Athens Central Development Council gave the green light Thursday to a 22-storey mixed-use tower on Pireos Street near Metaxourgeio, the tallest privately financed residential project approved in the Greek capital since 2016. The €185 million scheme, submitted by Attica-based developer Hellenic Urban Projects SA, will rise on a 4,200 square-metre plot that has sat derelict since a 2009 fire gutted the former Thermoplastiki industrial complex.
The timing matters. Athens has spent the past three years absorbing record foreign investment in its central neighbourhoods, driven partly by the Golden Visa programme's ongoing — if restructured — pull on non-EU buyers, and partly by a domestic market where asking prices in the historic centre topped €3,100 per square metre in the first quarter of 2026 according to property portal Spitogato. Demand for new-build stock near the CBD has consistently outstripped supply. This approval is the first large-scale mixed-use consent granted under the revised Attica Regional Spatial Plan that came into force in January 2026, making it a test case for how the new rules will reshape the city's skyline.
What Gets Built and Where
The Pireos Street scheme spans floors one through five with commercial and co-working space managed under a partnership with WeWork's European affiliate. Floors six through 22 deliver 198 residential units ranging from 48 sq m studios priced from €320,000 to four-bedroom penthouses listed at €1.4 million. A publicly accessible ground-floor arcade connecting Pireos to Konstantinoupoleos Street is a condition of the consent, designed to stitch the development into the pedestrian fabric of Metaxourgeio rather than seal it off behind a lobby.
The Metaxourgeio neighbourhood is relevant here. Once synonymous with neglect and high vacancy, the district around Iera Odos and Keramikos metro station has drawn a run of boutique hotels, galleries and refurbished apartment blocks since roughly 2021. The Onassis Cultural Centre's Stegi venue nearby accelerated that shift.
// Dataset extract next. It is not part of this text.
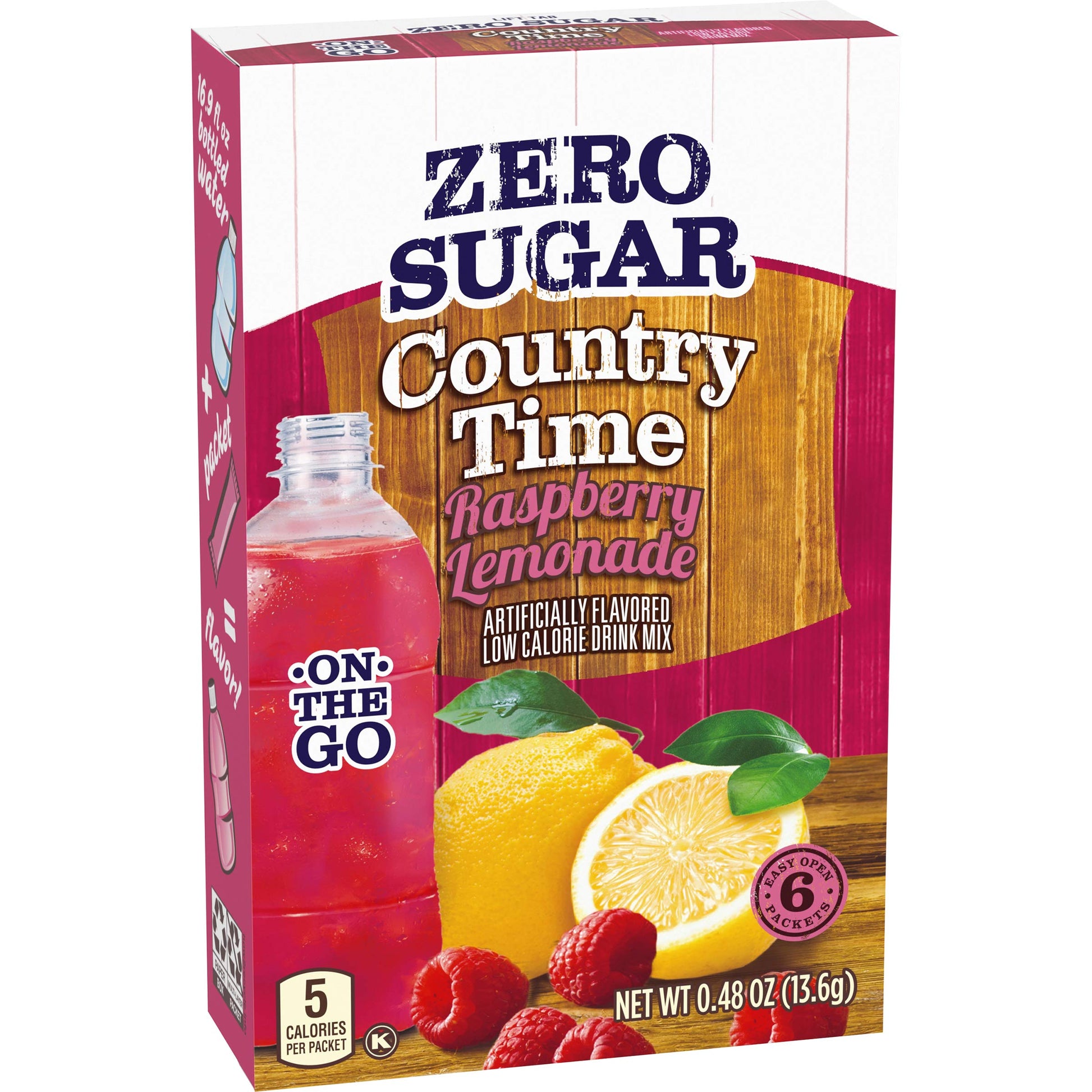 Country Time On-The-Go Zero Sugar Raspberry Lemonade Powdered Drink Mix helps keep your family cool on summer's hottest days. This powdered drink mix is ideal for quick mixing anytime, anywhere. This refreshing raspberry lemonade quenches your thirst, offering the perfect balance of tart and sweet with citrusy lemon flavor. The zero sugar powdered lemonade contains only 5 calories. The ultra-convenient berry flavored lemonade mix packets are perfect for storing in your gym bag, briefcase, car or desk drawer for easy mixing on the go. Add one sugar free drink mix packet to a bottle or tall glass of water, then shake or stir for fruity flavor. Twelve 0.48 ounce boxes each containing 6 raspberry lemonade packets.

Hellenic Urban Projects identified the Thermoplastiki site three years ago and spent 18 months navigating the Archaeological Council's requirements, given that excavations during foundation surveys uncovered late Roman-period walls at a depth of four metres — those findings are now being coordinated with the Central Archaeological Council and will be incorporated into a ground-floor display within the arcade.
Numbers Behind the Decision
Planning documents lodged with the Ministry of Environment and Energy show the project will create an estimated 340 construction jobs over a 38-month build period, with completion targeted for September 2029. The developer has committed €2.3 million to a public realm fund administered by the Municipality of Athens, earmarked specifically for streetscape upgrades along Pireos between Omonia and Kerameikos. That contribution is the largest single private infrastructure payment made under the municipality's 2024 Urban Regeneration Compact.
Greece's broader construction sector recorded a 14.7 percent rise in building permits issued during the first five months of 2026 compared with the same period a year earlier, according to ELSTAT data published last month. Central Athens and Piraeus accounted for nearly a third of those permits by value. The Pireos Street tower will, on its own, represent roughly 6 percent of the total private residential floor area approved across the Attica region so far this year.
Residents and buyers watching the project should note that the public arcade must open before any residential units are occupied — a sequencing clause inserted by the council. Prospective purchasers can register interest through Hellenic Urban Projects' sales office on Stadiou Street from 14 July, when the formal pre-sales process launches. The company says roughly 40 percent of units have already been reserved under preliminary agreements signed during the planning phase. For those tracking the neighbourhood's trajectory, the planning documents are now publicly available on the Ministry of Environment's e-permits portal, reference file ATT-2026-04417.